Agent-facing endpoints — the `/api/*`

routes that LLM tool calls, retrieval pipelines, and autonomous agents hit dozens of times per task — sit awkwardly between two cache models. Human-facing HTML can tolerate a 60-second stale window because a person won't notice; an agent reasoning over a chain of five tool calls absolutely will, because stale data in call #2 poisons every downstream inference.

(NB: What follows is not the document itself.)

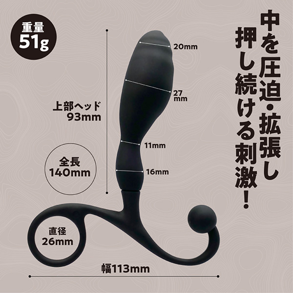 尻にいいアイカスにブラックバックシリーズが新登場!プレッシャーはその名の通りシリーズ最大径の27mmと拡張も視野に入れた初中級者モデル。シリコン部の全長140mm上部ヘッドは93mmと中を圧迫できます。会陰ボールも搭載しておりドライオーガズムを体験する第一歩のグッズとして最適です◎パッケージサイズ:18.8×11.0×3.8cm本体サイズ:14.0×11.3×2.7cm

The naive fix — `Cache-Control: no-store`

everywhere — collapses your edge hit ratio and pushes every agent request to origin, which is the failure mode CDNs were built to prevent [Source 2](#source-2).

## The Shape

``` js
// app/api/agent/[resource]/route.ts
import { NextRequest, NextResponse } from 'next/server'
import { revalidateTag } from 'next/cache'

export const dynamic = 'force-dynamic'

const FRESH = 30
const SWR = 300

export async function GET(req: NextRequest, { params }: { params: { resource: string } }) {
  const tag = `agent:${params.resource}`
  const etag = await computeEtag(params.resource)

  if (req.headers.get('if-none-match') === etag) {
    return new NextResponse(null, {
      status: 304,
      headers: {
        'Cache-Control': `public, max-age=${FRESH}, stale-while-revalidate=${SWR}`,
        'ETag': etag,
        'Vary': 'Accept, X-Agent-Consumer',
        'X-Cache-Tag': tag,
      },
    })
  }

  const data = await loadResource(params.resource, { tag })

  return NextResponse.json(data, {
    headers: {
      'Cache-Control': `public, max-age=${FRESH}, stale-while-revalidate=${SWR}`,
      'ETag': etag,
      'Vary': 'Accept, X-Agent-Consumer',
      'X-Cache-Tag': tag,
      'X-Deployment-Id': process.env.NEXT_DEPLOYMENT_ID ?? 'dev',
    },
  })
}

// app/api/invalidate/route.ts
export async function POST(req: NextRequest) {
  const secret = req.headers.get('x-invalidate-secret')
  if (secret !== process.env.INVALIDATE_SECRET) {
    return new NextResponse('forbidden', { status: 403 })
  }
  const { tags } = (await req.json()) as { tags: string[] }
  for (const t of tags) revalidateTag(t)

  await fetch('https://api.cloudflare.com/client/v4/zones/' + process.env.CF_ZONE + '/purge_cache', {
    method: 'POST',
    headers: {
      'Authorization': `Bearer ${process.env.CF_TOKEN}`,
      'Content-Type': 'application/json',
    },
    body: JSON.stringify({ tags }),
  })

  return NextResponse.json({ purged: tags })
}

async function computeEtag(resource: string): Promise<string> {
  const row = await db.query('SELECT updated_at, version FROM resources WHERE id = $1', [resource])
  return `"${row.version}-${row.updated_at.getTime()}"`
}
```

## How It Works

The contract has three moving parts: a short `max-age`

paired with a long `stale-while-revalidate`

, a content-addressed `ETag`

, and tag-keyed purges from the writer side. `max-age=30, stale-while-revalidate=300`

tells the edge to serve cached bytes for 30 seconds with zero origin contact, then for the next 300 seconds serve stale bytes immediately while revalidating asynchronously — user-facing latency stays flat during refresh [Source 2](#source-2). For agents this matters double: an LLM tool call that blocks on a cold origin fetch burns wall-clock against the model's reasoning budget, not just user patience.

The `ETag`

is the agent's escape valve from `max-age`

. When an agent has a hot loop hitting the same resource, it sends `If-None-Match`

and the edge returns `304`

in single-digit milliseconds without round-tripping the body. The tag — `agent:${resource}`

— is what writers grab to invalidate. `revalidateTag`

is Next.js's mechanism for blowing away just the entries that depend on a given key, and the framework prioritizes availability over strict consistency: cache write failures still serve the response, and the next request triggers a fresh render [Source 4](#source-4).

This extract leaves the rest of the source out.